======== PROVIDED DATA

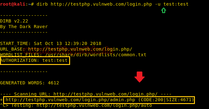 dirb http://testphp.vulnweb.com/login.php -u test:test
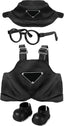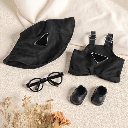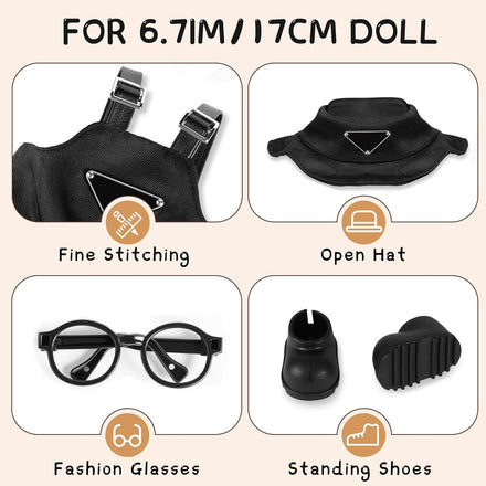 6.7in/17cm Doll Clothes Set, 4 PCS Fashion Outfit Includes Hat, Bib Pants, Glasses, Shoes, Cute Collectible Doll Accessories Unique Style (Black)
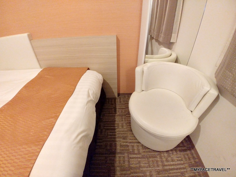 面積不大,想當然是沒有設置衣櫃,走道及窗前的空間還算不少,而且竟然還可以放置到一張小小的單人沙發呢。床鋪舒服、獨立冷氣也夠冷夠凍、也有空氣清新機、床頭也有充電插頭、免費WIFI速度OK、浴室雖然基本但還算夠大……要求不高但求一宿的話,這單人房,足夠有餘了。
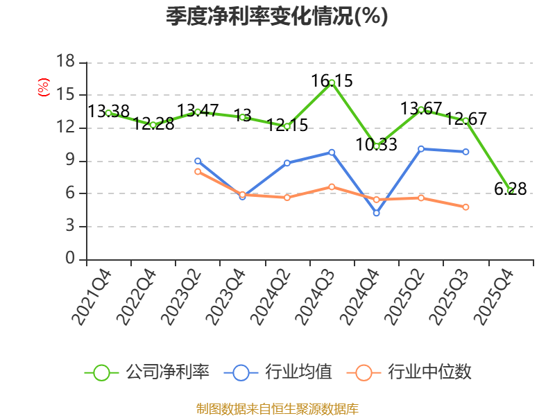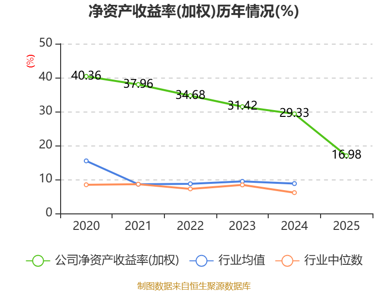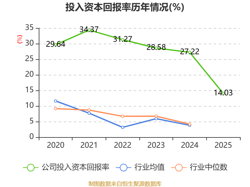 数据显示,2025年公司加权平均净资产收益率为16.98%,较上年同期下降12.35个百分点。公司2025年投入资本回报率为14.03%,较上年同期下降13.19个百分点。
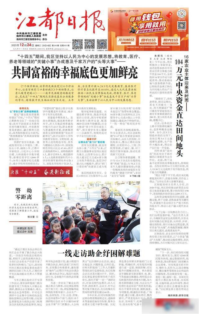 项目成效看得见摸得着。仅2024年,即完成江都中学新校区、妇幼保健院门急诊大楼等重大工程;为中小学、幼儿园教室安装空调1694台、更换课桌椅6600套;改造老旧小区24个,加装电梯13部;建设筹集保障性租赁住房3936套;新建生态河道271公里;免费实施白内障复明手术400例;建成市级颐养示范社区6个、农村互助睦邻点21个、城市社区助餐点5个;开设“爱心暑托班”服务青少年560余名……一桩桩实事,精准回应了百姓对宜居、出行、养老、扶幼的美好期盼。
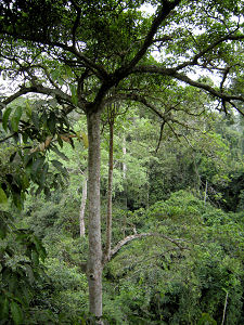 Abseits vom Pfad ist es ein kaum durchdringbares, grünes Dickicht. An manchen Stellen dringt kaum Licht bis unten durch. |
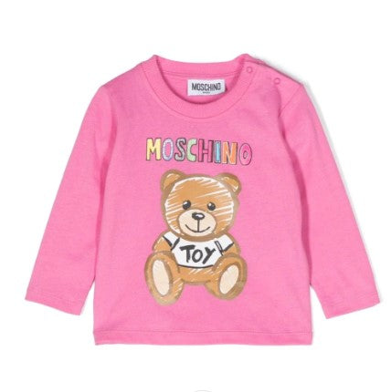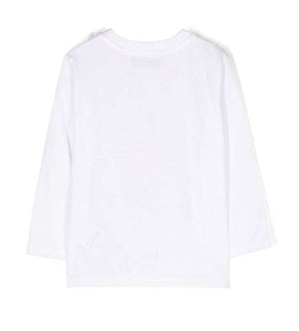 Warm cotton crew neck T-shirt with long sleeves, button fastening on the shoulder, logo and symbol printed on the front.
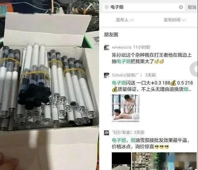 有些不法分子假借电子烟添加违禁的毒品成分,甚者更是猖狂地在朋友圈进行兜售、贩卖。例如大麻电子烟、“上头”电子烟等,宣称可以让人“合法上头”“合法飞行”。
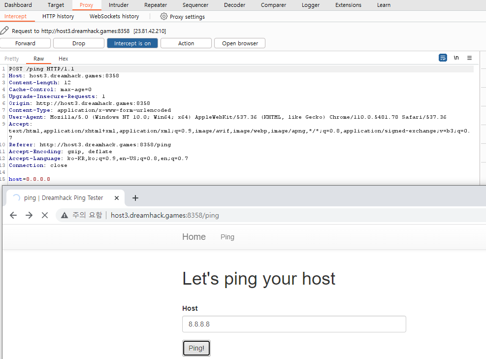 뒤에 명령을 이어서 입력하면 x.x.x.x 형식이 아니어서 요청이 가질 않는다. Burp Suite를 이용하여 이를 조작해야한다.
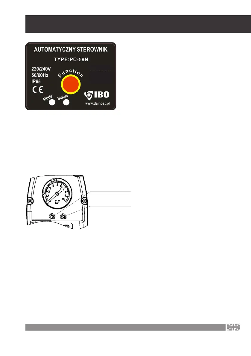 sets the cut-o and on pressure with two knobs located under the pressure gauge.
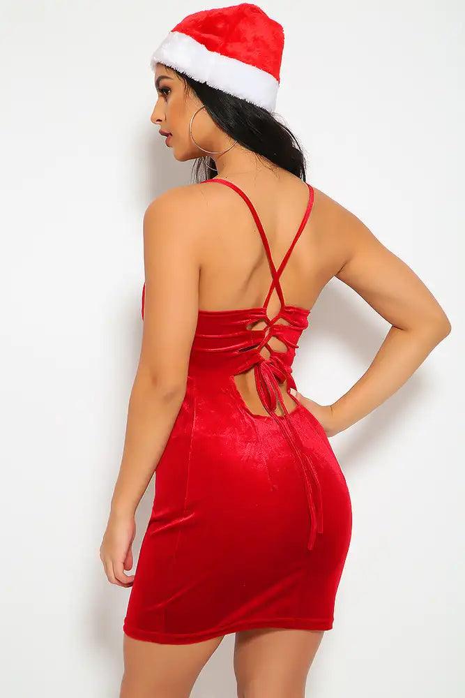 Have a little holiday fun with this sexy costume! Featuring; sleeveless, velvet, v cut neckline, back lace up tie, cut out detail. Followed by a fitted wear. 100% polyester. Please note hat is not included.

================

| WORK REQUEST |
Please transcribe, with no additions, the lines starting at the one that contains "有些不法分子假借电子烟添加违" and running through the last line of the entries, inclusive. Leave the pictures out.

| SOLUTION |
 有些不法分子假借电子烟添加违禁的毒品成分,甚者更是猖狂地在朋友圈进行兜售、贩卖。例如大麻电子烟、“上头”电子烟等,宣称可以让人“合法上头”“合法飞行”。
 뒤에 명령을 이어서 입력하면 x.x.x.x 형식이 아니어서 요청이 가질 않는다. Burp Suite를 이용하여 이를 조작해야한다.
 sets the cut-o and on pressure with two knobs located under the pressure gauge.
 Have a little holiday fun with this sexy costume! Featuring; sleeveless, velvet, v cut neckline, back lace up tie, cut out detail. Followed by a fitted wear. 100% polyester. Please note hat is not included.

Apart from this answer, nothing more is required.